▶ _YOUR OBJECTIVE_:
Look through the data below and output, unchanged, every line from the one holding "Состоит из стержня, пары" through the one holding "Born to glow奶油肌粉底液小样07黄黑皮调小麦色亚裔滋润干皮", inclusive. Skip the pictures.

▶ _STUDY MATERIAL_:
· · ·

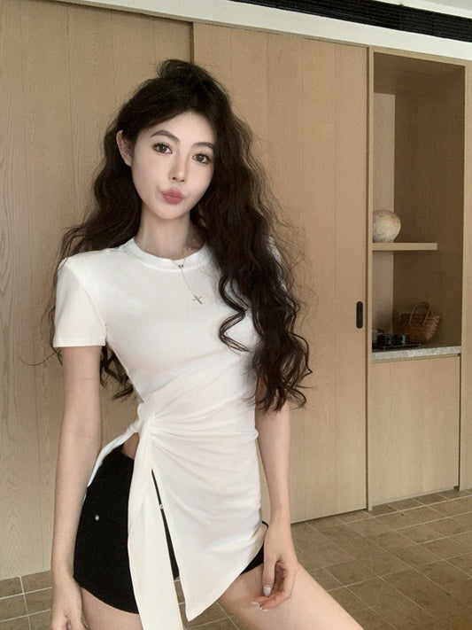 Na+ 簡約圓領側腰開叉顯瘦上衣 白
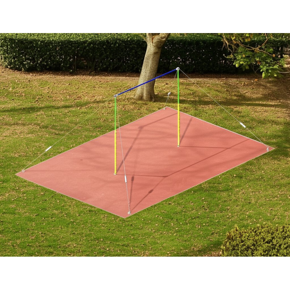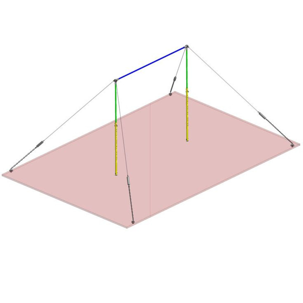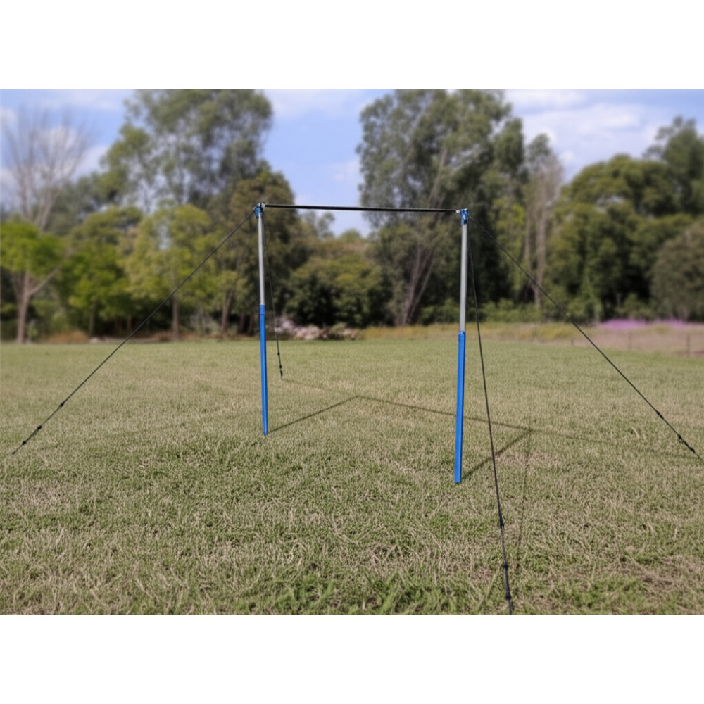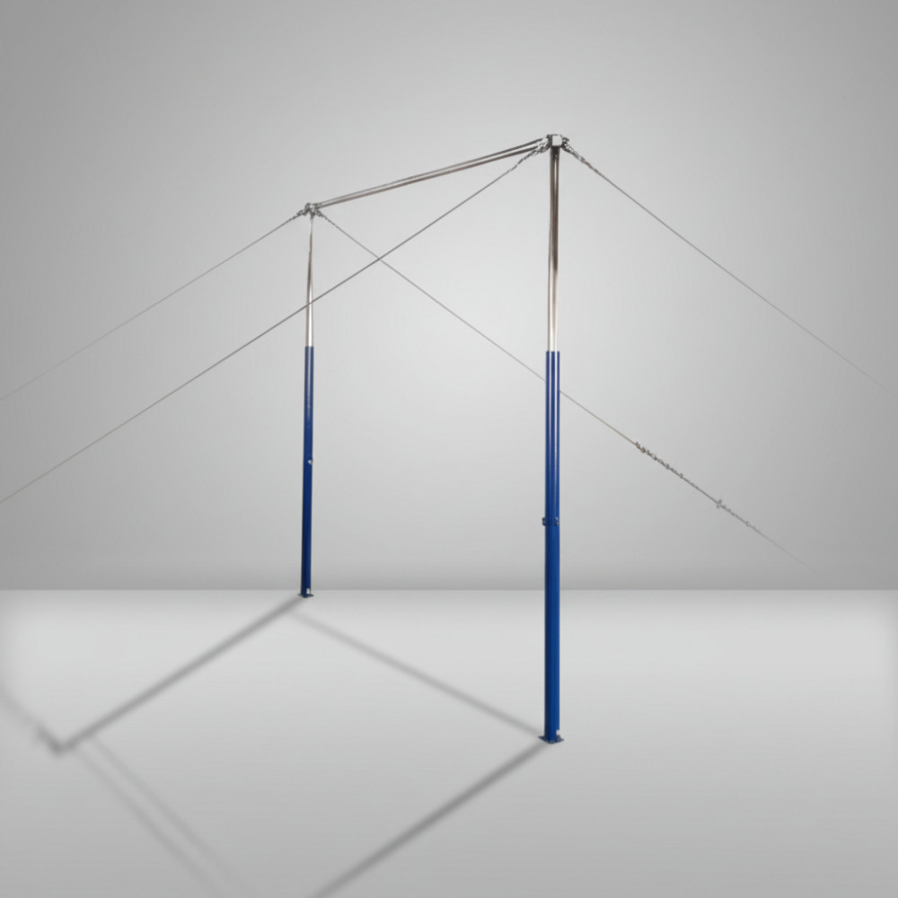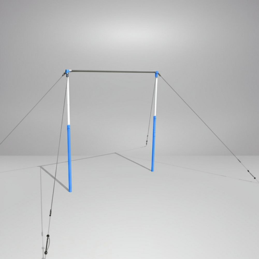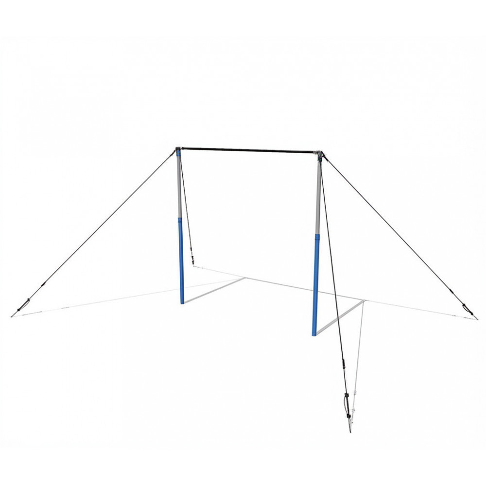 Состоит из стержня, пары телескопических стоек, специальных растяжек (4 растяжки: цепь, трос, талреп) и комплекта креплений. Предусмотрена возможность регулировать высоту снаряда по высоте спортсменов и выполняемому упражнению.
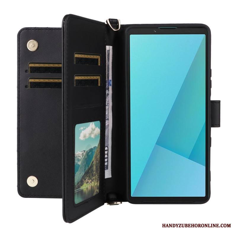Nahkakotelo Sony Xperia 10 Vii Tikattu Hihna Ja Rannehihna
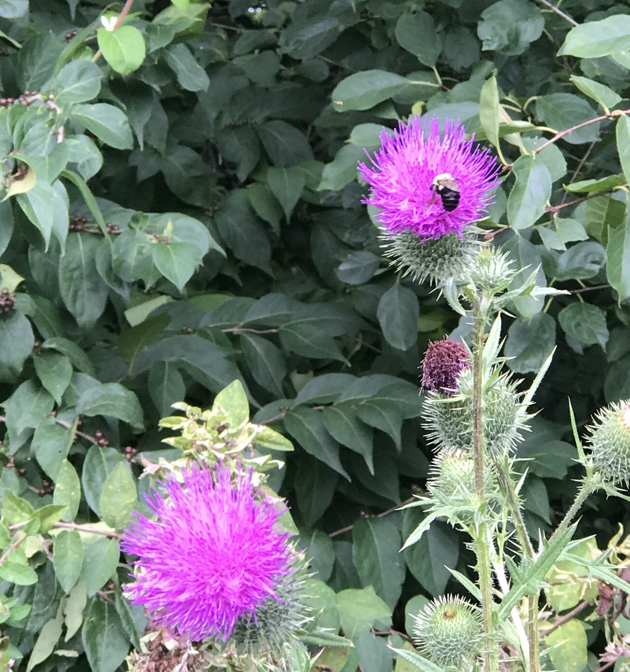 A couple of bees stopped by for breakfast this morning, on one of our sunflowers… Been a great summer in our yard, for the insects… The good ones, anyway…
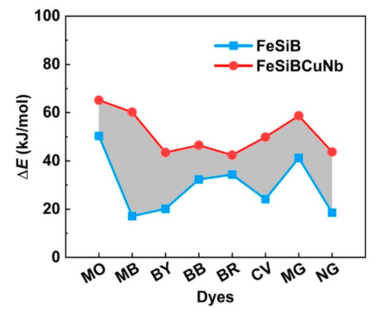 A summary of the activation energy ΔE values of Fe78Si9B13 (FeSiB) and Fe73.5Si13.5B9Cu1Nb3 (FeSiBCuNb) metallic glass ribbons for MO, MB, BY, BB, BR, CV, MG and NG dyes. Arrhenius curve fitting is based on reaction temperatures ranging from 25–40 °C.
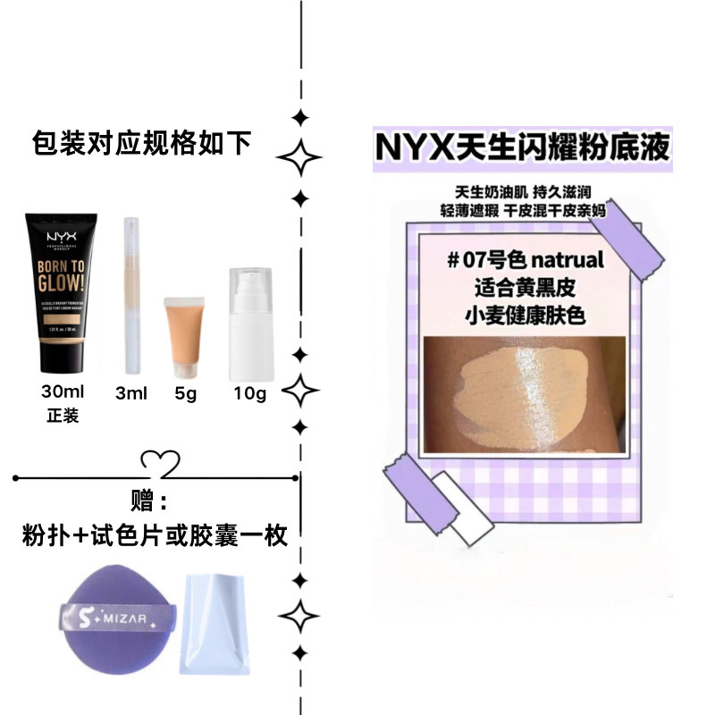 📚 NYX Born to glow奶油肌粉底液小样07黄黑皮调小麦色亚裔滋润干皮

· · ·

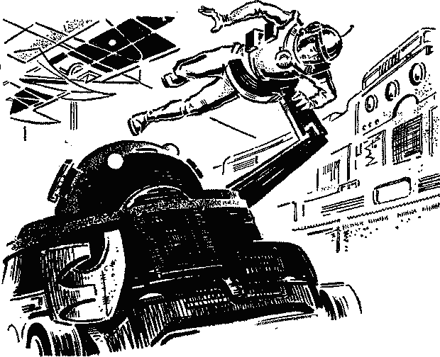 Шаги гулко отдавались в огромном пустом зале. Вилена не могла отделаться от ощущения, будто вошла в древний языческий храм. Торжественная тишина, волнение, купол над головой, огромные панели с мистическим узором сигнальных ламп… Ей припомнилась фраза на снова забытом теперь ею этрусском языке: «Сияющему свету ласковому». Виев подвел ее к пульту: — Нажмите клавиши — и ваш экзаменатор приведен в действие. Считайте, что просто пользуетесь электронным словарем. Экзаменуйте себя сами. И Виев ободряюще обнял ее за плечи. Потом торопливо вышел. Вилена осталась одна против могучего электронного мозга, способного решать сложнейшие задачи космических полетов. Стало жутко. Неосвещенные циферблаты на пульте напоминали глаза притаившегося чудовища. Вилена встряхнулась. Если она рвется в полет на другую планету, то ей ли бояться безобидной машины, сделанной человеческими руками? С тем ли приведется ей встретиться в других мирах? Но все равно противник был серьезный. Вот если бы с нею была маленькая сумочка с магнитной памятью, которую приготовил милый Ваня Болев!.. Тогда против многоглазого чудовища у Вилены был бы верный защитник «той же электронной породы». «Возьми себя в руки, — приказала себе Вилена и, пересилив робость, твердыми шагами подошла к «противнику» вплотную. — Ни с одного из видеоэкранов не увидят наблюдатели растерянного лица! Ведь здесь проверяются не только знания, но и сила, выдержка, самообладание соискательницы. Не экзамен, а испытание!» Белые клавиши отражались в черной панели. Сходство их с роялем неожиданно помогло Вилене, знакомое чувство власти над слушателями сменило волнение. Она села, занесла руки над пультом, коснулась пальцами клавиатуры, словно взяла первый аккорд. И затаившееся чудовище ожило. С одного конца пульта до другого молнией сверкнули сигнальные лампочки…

· · ·

▶ _SOLVED PROBLEM_:
 Состоит из стержня, пары телескопических стоек, специальных растяжек (4 растяжки: цепь, трос, талреп) и комплекта креплений. Предусмотрена возможность регулировать высоту снаряда по высоте спортсменов и выполняемому упражнению.
Nahkakotelo Sony Xperia 10 Vii Tikattu Hihna Ja Rannehihna
 A couple of bees stopped by for breakfast this morning, on one of our sunflowers… Been a great summer in our yard, for the insects… The good ones, anyway…
 A summary of the activation energy ΔE values of Fe78Si9B13 (FeSiB) and Fe73.5Si13.5B9Cu1Nb3 (FeSiBCuNb) metallic glass ribbons for MO, MB, BY, BB, BR, CV, MG and NG dyes. Arrhenius curve fitting is based on reaction temperatures ranging from 25–40 °C.
 📚 NYX Born to glow奶油肌粉底液小样07黄黑皮调小麦色亚裔滋润干皮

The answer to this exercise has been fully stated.